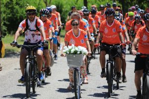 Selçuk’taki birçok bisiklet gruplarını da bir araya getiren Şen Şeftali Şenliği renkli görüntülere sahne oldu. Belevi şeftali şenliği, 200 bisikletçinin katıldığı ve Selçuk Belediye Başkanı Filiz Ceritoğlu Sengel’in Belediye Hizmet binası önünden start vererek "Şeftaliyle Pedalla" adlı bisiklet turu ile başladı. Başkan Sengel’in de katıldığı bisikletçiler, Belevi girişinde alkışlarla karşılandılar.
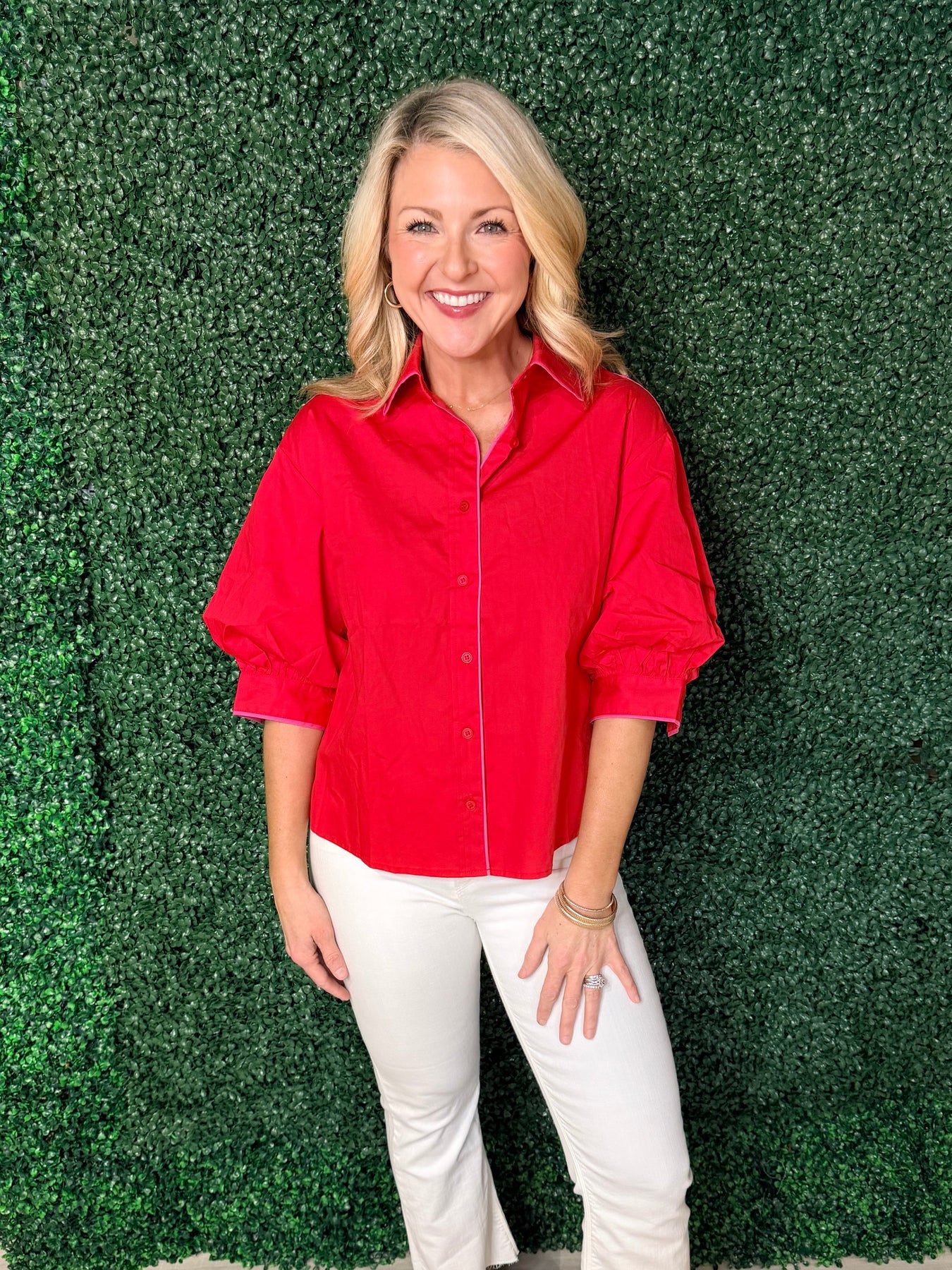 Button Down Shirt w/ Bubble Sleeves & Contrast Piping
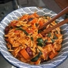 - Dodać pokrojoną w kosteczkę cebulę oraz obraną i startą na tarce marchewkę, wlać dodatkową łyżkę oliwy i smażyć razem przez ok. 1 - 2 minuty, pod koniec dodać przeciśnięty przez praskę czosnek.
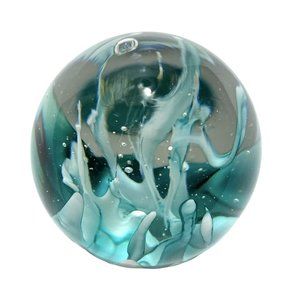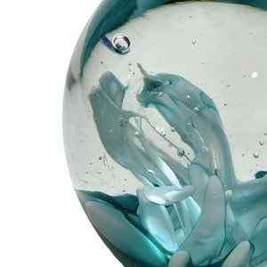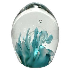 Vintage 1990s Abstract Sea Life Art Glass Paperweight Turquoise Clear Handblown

# # # # #

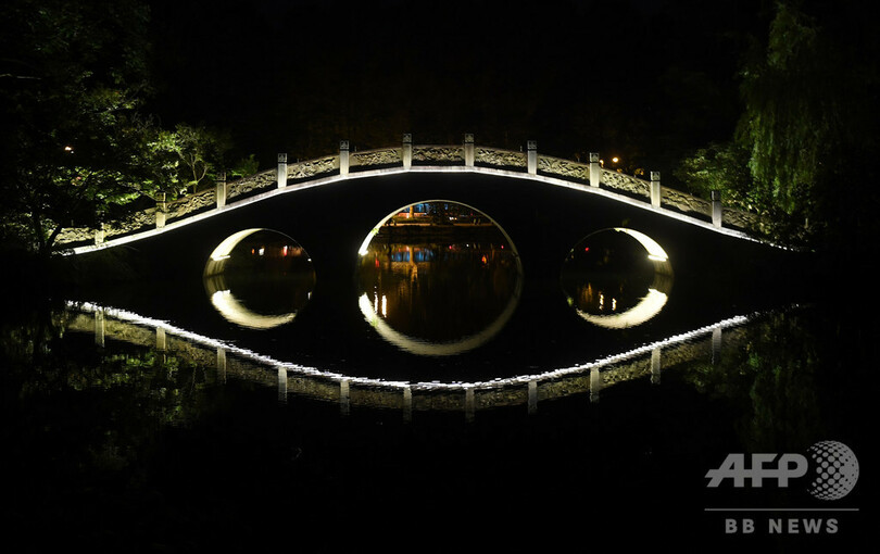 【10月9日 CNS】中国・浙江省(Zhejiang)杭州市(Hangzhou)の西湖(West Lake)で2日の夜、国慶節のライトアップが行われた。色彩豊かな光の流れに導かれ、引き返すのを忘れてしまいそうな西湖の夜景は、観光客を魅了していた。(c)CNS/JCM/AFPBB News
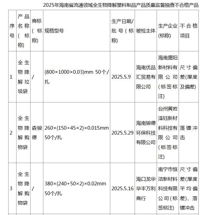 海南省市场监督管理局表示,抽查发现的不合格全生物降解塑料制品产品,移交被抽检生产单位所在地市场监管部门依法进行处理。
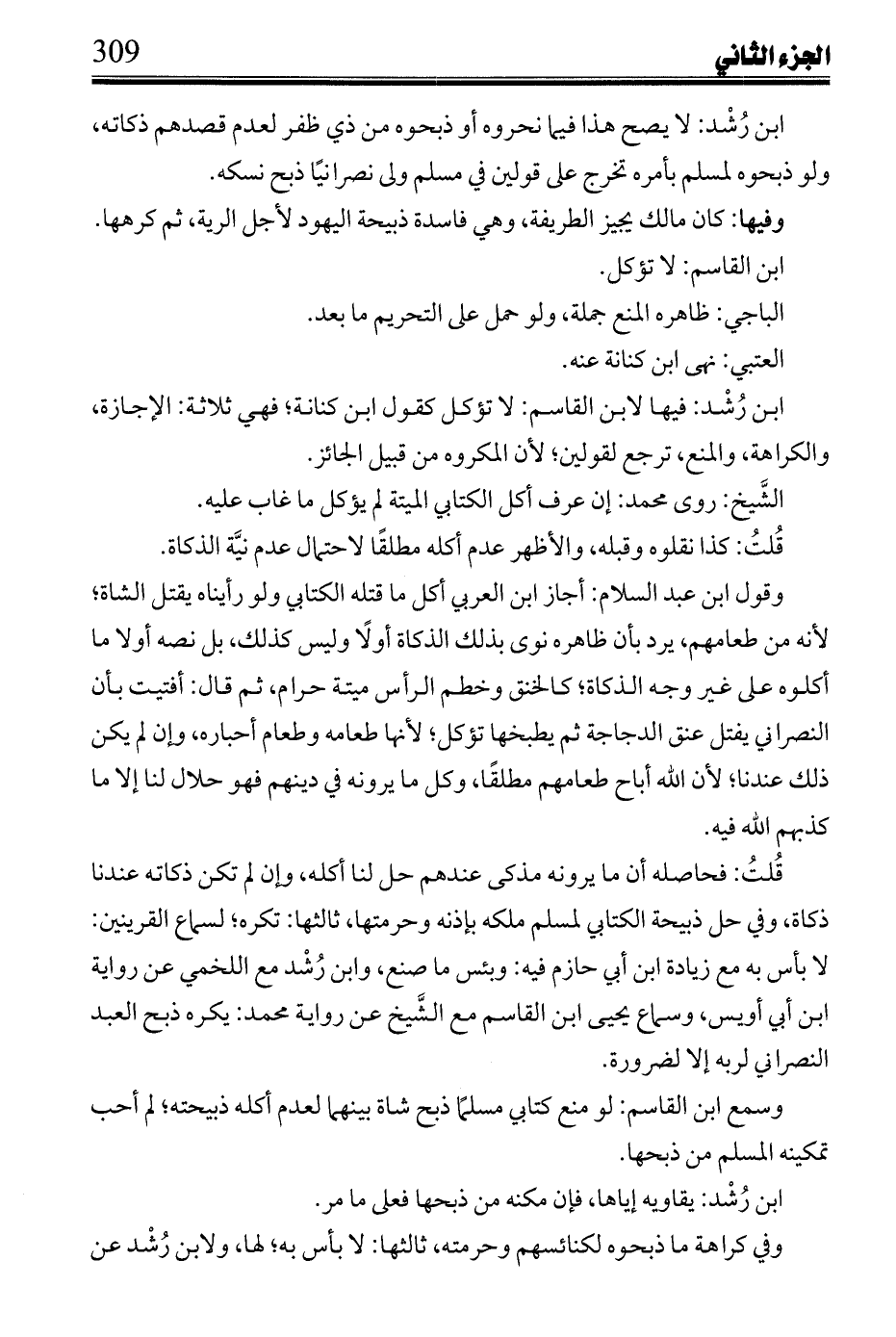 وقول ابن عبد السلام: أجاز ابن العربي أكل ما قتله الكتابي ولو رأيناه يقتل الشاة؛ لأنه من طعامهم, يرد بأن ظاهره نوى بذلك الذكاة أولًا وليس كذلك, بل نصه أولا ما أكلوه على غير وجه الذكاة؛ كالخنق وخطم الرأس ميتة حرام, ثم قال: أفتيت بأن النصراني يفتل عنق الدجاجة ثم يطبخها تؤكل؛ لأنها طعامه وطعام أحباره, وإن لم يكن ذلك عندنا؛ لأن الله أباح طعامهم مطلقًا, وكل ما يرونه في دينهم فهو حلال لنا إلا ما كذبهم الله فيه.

# # # # #

Write out, word for word, the stretch of entries that begins at the line with "- Dodać pokrojoną" and ends at the line with "Vintage 1990s Abstract". Pictures do not belong in it.

 - Dodać pokrojoną w kosteczkę cebulę oraz obraną i startą na tarce marchewkę, wlać dodatkową łyżkę oliwy i smażyć razem przez ok. 1 - 2 minuty, pod koniec dodać przeciśnięty przez praskę czosnek.
 Vintage 1990s Abstract Sea Life Art Glass Paperweight Turquoise Clear Handblown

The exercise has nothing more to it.